Comparative analysis of IgT in teleost fish. (A) Amino acid alignment of the rainbow trout (Onmy) IgT and zebrafish (Dare) IgZ C domains. C regions (C_H) are based on cDNA and germ-line sequences for rainbow trout. Cysteine and tryptophan residues typical of the Ig fold are in boldface type. Potential N-linked glycosylation sites are underlined, and residues differing between the IgT duplicates are shown immediately under the IgT.1 sequence. * denotes identity, and – indicates gaps. S, T, and Y residues found in the transmembrane region typical of associating with B cell coreceptors CD79A/B are in boldface type. (B) CDR3 junctions for three IgT VDJ rearrangements.

Cysteine and tryptophan residues required for the Ig fold (21) are found in all four rainbow trout C_τ domains, but the C_ζ3 domain differs in that the first cysteine is found in the position normally occupied by tryptophan. The additional cysteine within the C_H1 domain of IgT and IgZ (Cys-13 and Cys-14, respectively) implies that these molecules can associate with light chain. However, the highest level of amino acid identity (80%) was found among the τ and ζ transmembrane regions. The transmembrane region contains residues typical of B cell receptors, including hydrophobic and hydrophilic residues consistent with the CART domain and Thr, Ser, and Tyr residues known to be essential for association with the B cell coreceptors CD79A/B (22). The short secretory tails of both IgT and IgZ contain a single Cys residue and several acidic amino acids. Pathogen neutralization provided by mucosal immunity is an essential first line of defense for vertebrates. This neutralization is carried out by the polymeric IgA isotype, and comparative analysis has determined that the PX₃NXS/TL/VX₄E/DX₄CY motif is typically required for multimeric polymerization, where the N-linked glycosylation site (underlined) and penultimate cysteine are critical for association of the J chain (23, 24). IgT contains an N-linked glycosylation site near the end of C_H4 and a Cys residue in the secretory tail, but overall, this region bears little similarity to the motif required for J-chain association.
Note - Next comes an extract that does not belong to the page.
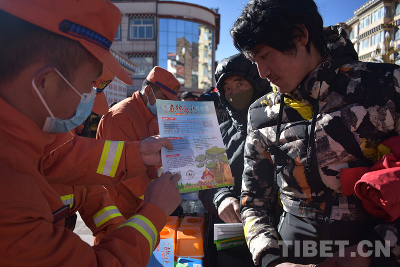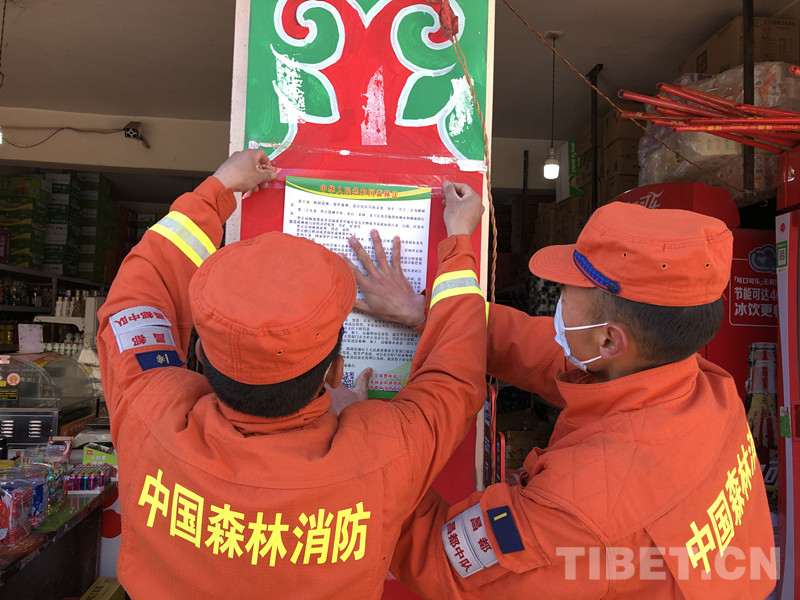 西藏森林消防總隊在西藏自治區(qū)6市17縣采取防火宣傳小分隊進社區(qū)、進林區(qū)、進企業(yè)、進村莊、進農(nóng)戶的“五進”形式,以重點林區(qū)、人員密集區(qū)為重點,以宣傳強意識、設卡堵火種、檢查除隱患、遇火早撲滅為任務在重點地段、重要林區(qū)、景區(qū)、入山路口懸掛防火標語、設置火源檢查站。出動100余名指戰(zhàn)員深入重點林區(qū)、景區(qū)實施靠前駐防,通過向過往群眾、游客講解森林火災常識、體驗滅火裝備等方式,做好節(jié)日期間森林防火工作。

In addition, IgT lacks the obvious hinge features typical of IgA, but interestingly, there are five Pro residues near the C_H1 and -2 junction, suggesting that this region may be flexible. The third isotype of Xenopus (25, 26), IgX, is considered to be an IgA analog because IgX plasma cells represent ≈50% of total Ig-producing lymphocytes in the gut, and IgX forms polymers as large as IgM but, similar to IgT, the secretory domain of IgX shows little resemblance to the J-chain motif, aside from ending with Cys-Tyr. Only through biochemical analysis will the function and polymerization potential of IgT be determined.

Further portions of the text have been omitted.